Of the 179 unvaccinated people in the Mexican study, 29 percent became infected with pandemic H1N1 virus, compared with just 13 percent of vaccinated patients. None of the swine flu patients who received the shot died, compared with 30 percent of those who were unvaccinated, the researchers found.

Vaccines prepared for the seasonal flu include an H1N1 strain. The shot may provide some protection against swine flu because people who have been previously exposed to a similar virus have a heightened antibody response, said researchers led by Jose Luis Valdespino at the Laboratorios de Biologicos y Reactivos de Mexico. The study was limited by the number of patients and more research is needed, they said.

“The results are to be considered cautiously and in no way indicate that seasonal vaccine should replace vaccination against pandemic influenza A/H1N1 2009,” Valdespino said in the study.

A study published in the journal Eurosurveillance in August looked at patients who tested positive for swine flu and their vaccination history and found no evidence of “significant protection” from the seasonal shot in any age group.

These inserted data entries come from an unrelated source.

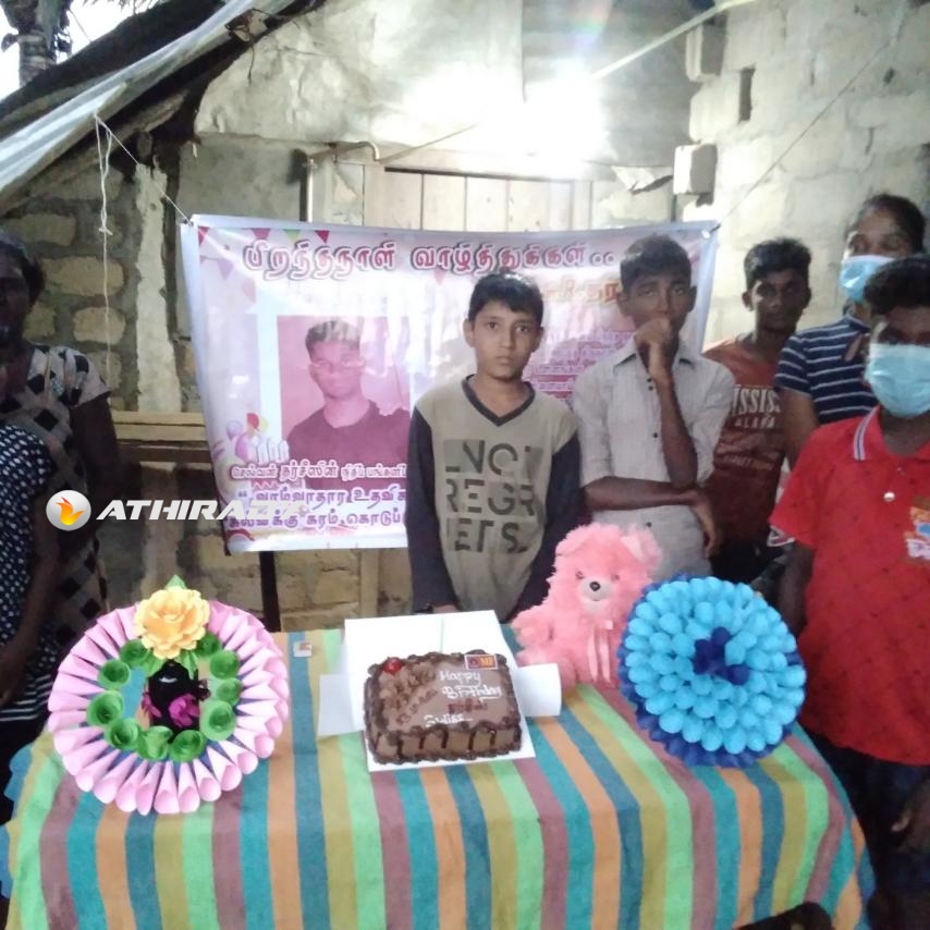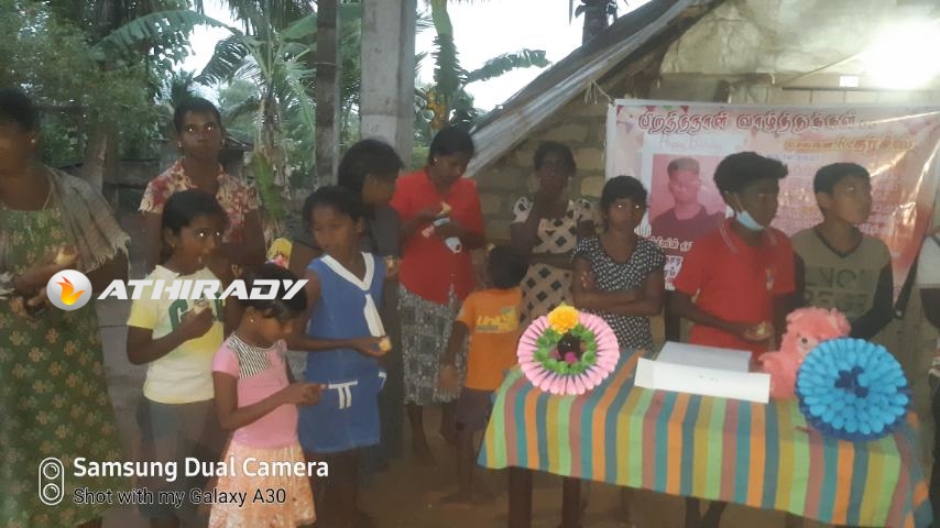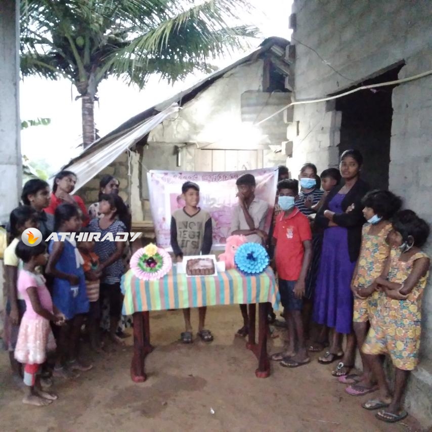 தாயக உறவினை பூர்வீகமாகக் கொண்ட பெற்றோருக்கு சுவிஸ் நாட்டில் பிறந்து வாழ்ந்து வரும் உறவான செல்வன் தரசீஸ் அவர்களின் 17 வது பிறந்தநாளை முன்னிட்டும் எதிர்வரும் நாட்களில் தர்சீஸ் அவர்களின் தாயாருடைய பிறந்த நாளையும் முன்னிட்டு தாயக உறவுகளுக்கு வாழ்வாதார உதவியாக கோழிகளுடன், கோழிக்கூட்டினை வழங்கவிருந்த போதிலும் தர்சீஸ் அவர்களின் பிறந்த நாளான இன்று தர்சீஸ் அவர்களின் பிறந்த நாளை சிறப்பிக்கும் வகையில் அவருடைய தாயார் மாணிக்கதாசன் நற்பணி மன்றத்திடம் விரும்பிக் கேட்டுக் கொண்டதற்கமைவாக தாயக கிராமமொன்றில் சிறுவர் சிறுமியர் பெற்றோர்கள் கொட்டும் மழையினையும் பொருட்படுத்தாது தர்சீஸ் அவர்களின் பிறந்த நாள் கொண்டாட்டத்தில் கலந்து கொண்டு சிறப்பித்தனர்.
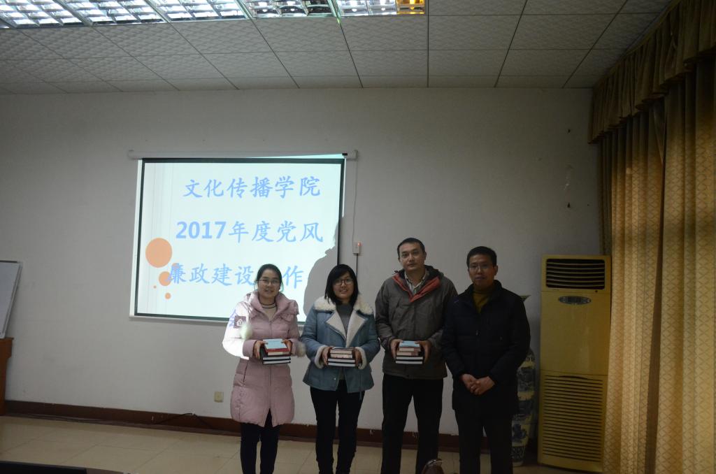 文传学院党总支纪检委员毛浩杰传达了《学校关于开展2017年度落实党风廉政建设责任制情况检查通知》要求,以及关于做好“天天学纪”手册发放使用的通知要求。毛浩杰还代表总支汇报了学院一年来的党风廉政建设情况。
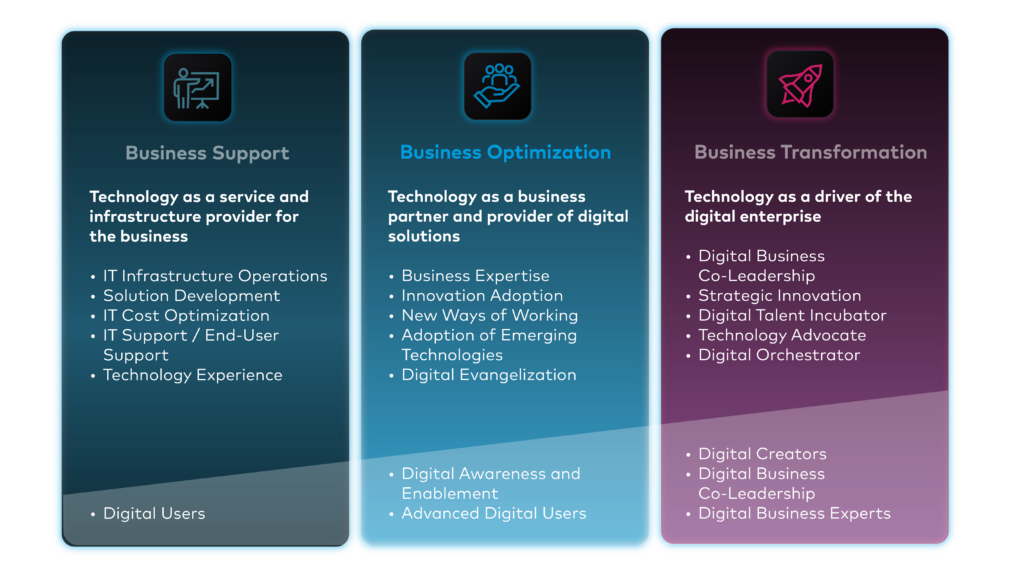 In the technology domain, the focus evolves from infrastructure management toward strategic leadership and digital innovation. Technology moves from ensuring operational stability to becoming a driver of growth and adaptation.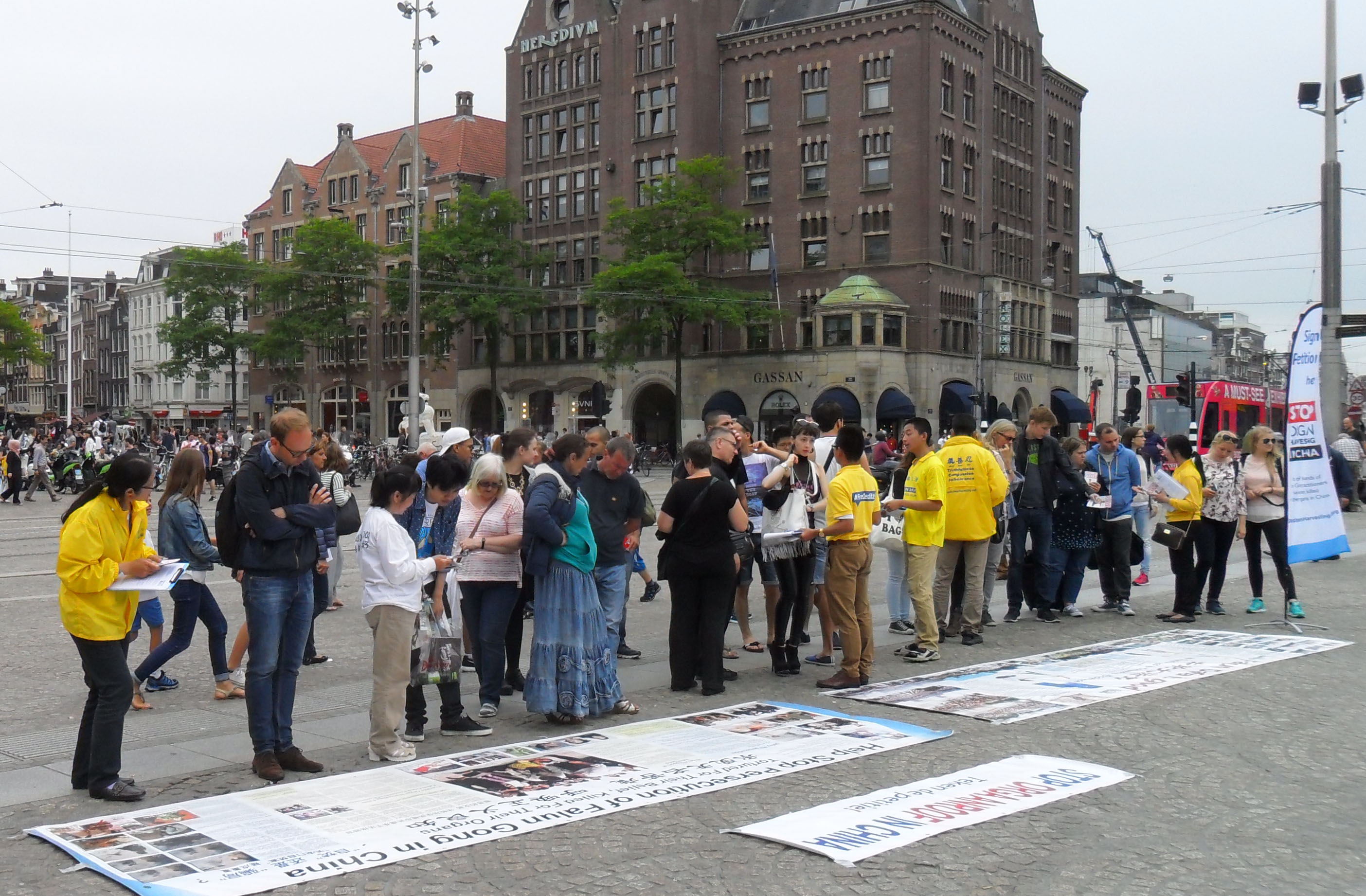 ![]() 图1:“七•二零”周年,荷兰学员在首都阿姆斯特丹达姆广场传播真相,呼吁制止迫害。 |

Valdespino’s team studied 60 patients diagnosed with swine flu and 180 uninfected people. They found that those without the disease were significantly more likely to have been vaccinated.

‘Restricted Protection’

There may be some biases with the study because it was retrospective and involved only 240 people, said Menno de Jong, head of microbiology at the University of Amsterdam’s Academic Medical Center, who wrote an accompanying editorial on pandemic vaccination.

“It suggests that if you were vaccinated, it might mitigate the disease” by boosting the immune response, de Jong said in a telephone interview. “It’s a restricted level of protection, though, and highlights the need for a specific vaccine against the novel H1N1 virus.”

Companies including Novartis AG and Sanofi-Aventis SA have produced flu vaccine to specifically target the new H1N1 strain.

H1N1 has infected at least 340,000 people and killed at least 4,100 globally as of Sept. 27, the World Health Organization said last week. The figures are based on laboratory-confirmed cases reported to the Geneva-based United Nations agency.

The researchers received funding from the Mexican Ministry of Health.